As I’ve read the many accounts of young women who were (allegedly) lured into R. Kelly’s houses under false pretences and then pushed into sexual relations that were predatory and exploitative – I think of the many other gay men, whose stories aren’t heard and aren’t told; because we shame men who are victims of sexual abuse. A friend once told me of how he was molested by a family friend and the incident was brushed under the carpet. My childhood best friend, a transgirl, was raped by a man who she was on a night out with and then further victimised when she went to report the incident. Another friend speaks of being touched inappropriately by an older cousin when he was younger.

I have no doubt that there are many more similar stories, and that we don’t speak of them because of the shame attached to being male bodied and being sexually violated or threatened with sexual violence.

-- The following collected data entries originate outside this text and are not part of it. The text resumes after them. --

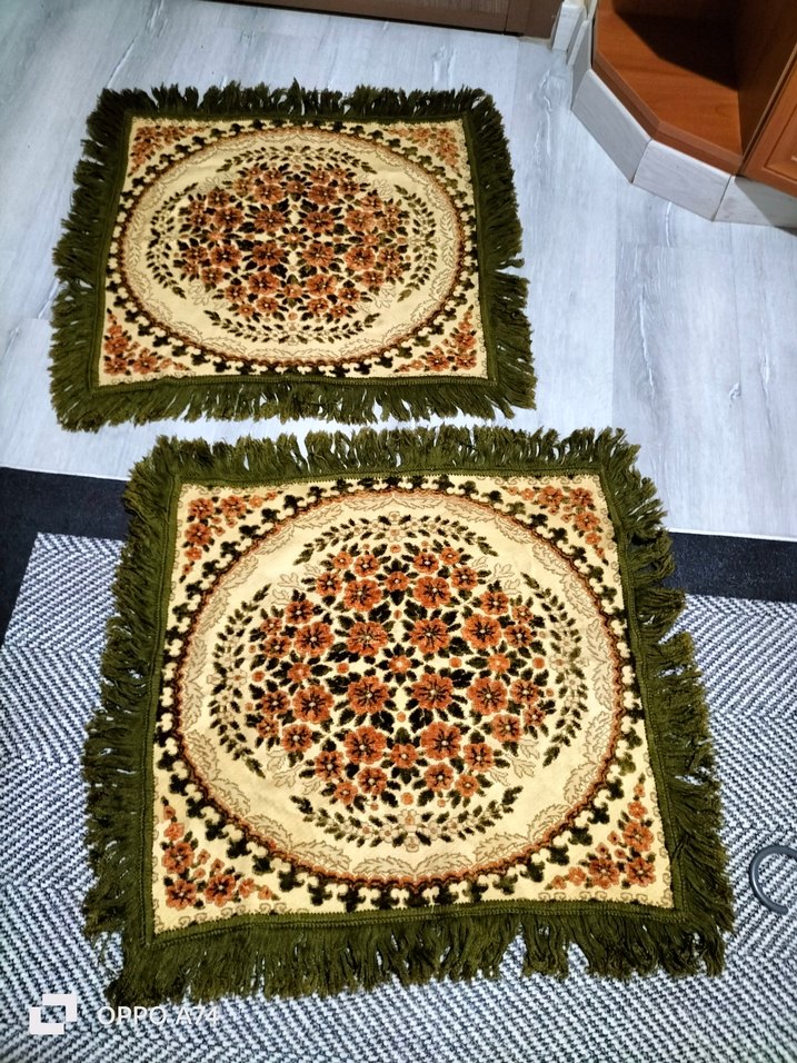 çok renkli çiçek desenlerine sahip, yeşil püsküllü iki adet geleneksel vitange tarzda örtü seti. iyi durumda. yırtık sökük aşınma yoktur kesinlikle . adet fiyatıdır .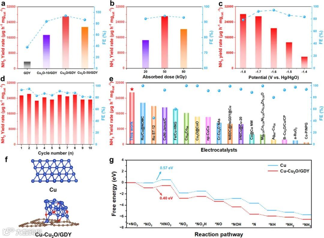 本工作首次将电子束辐照引入碳材料合成,突破了时间、气氛、单体稳定性三重瓶颈,为 GDY 从“克级”走向“公斤级”奠定了绿色高效新范式。同时,原位生成的 Cu₂O/GDY 异质结为硝酸盐废水资源化提供了高活性、高稳定原型催化剂。未来,电子束剂量-结构-性能数据库与卷对卷连续化工艺将成为研究重点。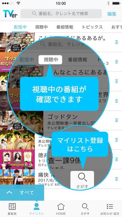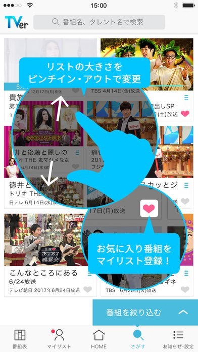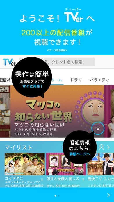 好きなTV番組をタップするだけ。見逃してしまった番組がみれるアプリ
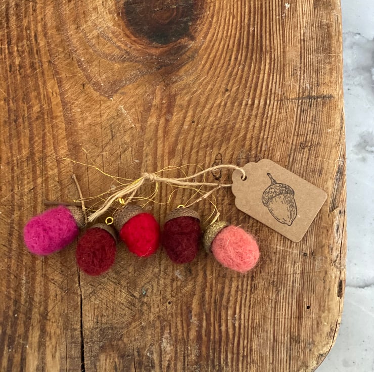 Made with sustainably sourced wool, foraged acorn cups and a delicate golden thread for hanging up with.

I think of why I could never speak to my friends about what happened to me; that I too was ashamed and wondered what I had done to attract these men’s attention. I asked myself why I froze and relented when cornered, why I didn’t fight back.

We are in a time when we speak more and more about the need to bring predators to book, to name and shame and to hold people accountable, but we are not seeing more queer men speaking about their own experiences of sexual violence. We are not yet at the point where we are able to say, ‘men are trash’, and make men who have been violated comfortable to add their own experiences of sexual violence and offer solidarity.

We speak of toxic masculinity and how that not only manifests in cisgender heterosexual men but also in cisgender homosexual men, and yet we are still not hearing queer men speak of their own experiences. Of being cornered and forced to make a survivalist decision, or keeping quiet to avoid causing drama at the dinner table. After all, who would believe that a man could rape another man? But men do rape other men; men rape queer men as a means to correct, taunt or exercise power over them.

I write this article, not because I have finally woken up and need to speak about the many times men have crossed the line with me, but to call for reflection. Perpetrators of sexual violence – school teachers and coaches, random strangers, employers, government officials, doctors, lecturers, uncles, brothers, cousins, the family friend, the neighbour, the policeman – everyone who is complicit and implicit in the sexual violation of both women and men should be called out. And those who are victims should find support, safety in speaking out and reporting, and the knowledge that we won’t be judged or shamed.

I chose to be silent and move on, but I know others may not have the ‘luck’ I had; a kiss might not be all they face and their screams may be stifled as they live among people who refuse to believe that that nice church-going husband preyed on a young boy. As we call for R. Kelly to be brought to book, let’s look at the R. Kellys in our own queer lives and make the same demand.